Anger at life: he had lived it well; he had no apologies to make; it was time to go —so why was he being detained? His heart would not let him go. It kept pumping life, refusing to surrender, refusing to let go.
Those eyes: piercing, probing, stoic. How they shone with a sardonic humor when he would be approached. You see me an old man and show me respect, they seemed to acknowledge. And yet, as you greeted him his eyes would seem to say —what? His eyes would communicate a message, a poem, his own:
Let me think of you
When you were young and without guile
And foolish
Not a wise old man
Waiting to die.
But how can one ever think of him as having ever had guile —or been foolish? He was a man who had no time or patience to waste on fools. He had nothing but contempt for guile, for deceit, the weapons of the weak. Only the frontal attack, the formal duel for him. In his last years, the contempt, the rage still smoldered. What have you done to my country? his eyes seemed to say.
An image: Teodoro M. Locsin Sr., sitting on a chair, scanning the newspapers, a glass of iced red wine on the table before him. A young writer, in awe, watches his every move. He looks up, gives the paper in his hand a little shake, and says, “God damn it!” His eyes flash.
God damn it, indeed. Reams and reams of paper, on them hundreds of thousands of words-half a century and more of words, angry words, eloquent words. Years of pounding them out on a typewriter to explain the wrong and convey the outrage, to educate the ignorant, to exhort the decent not to surrender to what was convenient and wrong. But for what?
Fools stayed fools. The crooked got clever and completely unscrupulous. “It was different in my time,” he tells his daughter-in-law. “Even the crooks were decent, knew limits. Now they are just plain shits. They observe no rules, no rules should be observed them.”

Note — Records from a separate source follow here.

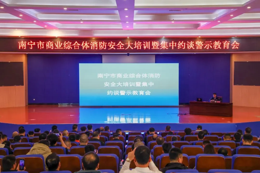 为切实加强全市商业综合体火灾防控能力,拧紧消防“安全阀”,3月11日,南宁消防组织召开了全市商业综合体消防安全大培训暨集中约谈警示教育会。来自全市各商业综合体的消防安全管理人共110人参加了此次培训。
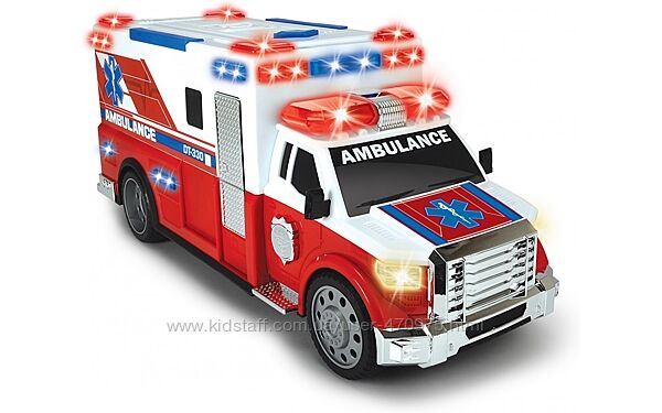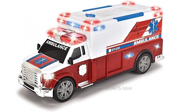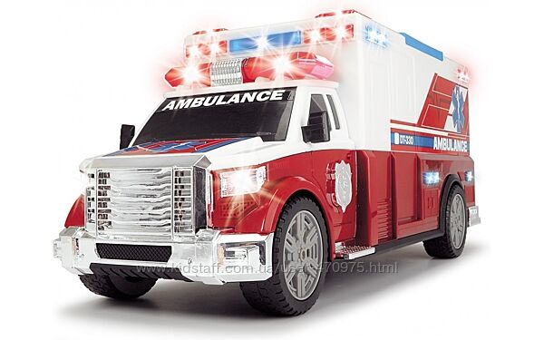 іграшкова швидка допомога Dickie Toys має сучасний деталізований дизайн кузова з відкривними задніми дверима та оснащена висувною рампою, на якій можна опустити ноші;натискання синьої кнопки зверху активує фари, мерехтіння маячків та характерний звук сирени;легкі робочі колеса дозволять малюкам вільно грати іграшковою машинкою на підлозі.
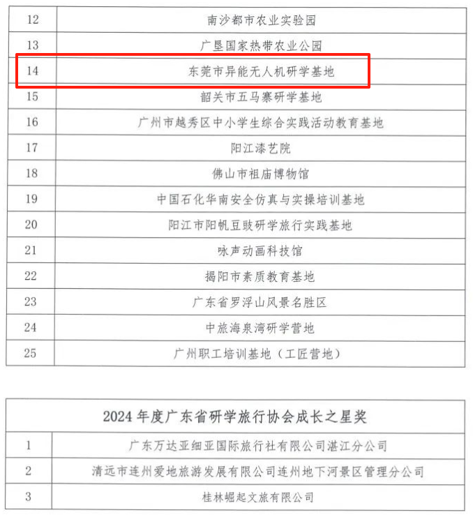 荣获 “2024 年广东省研学旅行协会优秀研学目的地” 这一殊荣,东莞市异能无人机研学基地深感荣幸。在此,我们向广东省研学旅行协会致以最诚挚的感谢!这不仅是对我们过往努力的高度认可,更是一份沉甸甸的责任,激励着我们不断前行。

The good and the well-meaning caved in to tyranny and shrugged off injustice, feigning contempt when what they felt was abject fear. He saw this. Tried to shrug it off as life. Hadn’t he written that the just deserts of slaves is slavery? Let them be slaves. He would not, And yet —“God damn it!” They did not have to be. And the anger boiled over again.
The Jesuits, under whom he had been educated, and who produced a man in the mold of Rizal -a man who valued his conscience above the easy consolations of a facile faith and the rewards of a material society- would have called it righteous anger. The faith of his teachers taught that God reserved his most awesome wrath and retribution for those sins that cried out for vengeance: the oppression of widows and orphans, the weak, defenseless and meek.
But Teodoro M. Locsin Sr. would not leave to heaven the justice we can mete out here and now if we but had the fortitude. And what was faith most of the time but pious words? He had better: fighting words. Indignant words. Wounding, merciless words that humbled the proud, drove back the oppressor, exposed crime to retribution and pointed out with embarrassing clarity what was lacking and what needed to be done.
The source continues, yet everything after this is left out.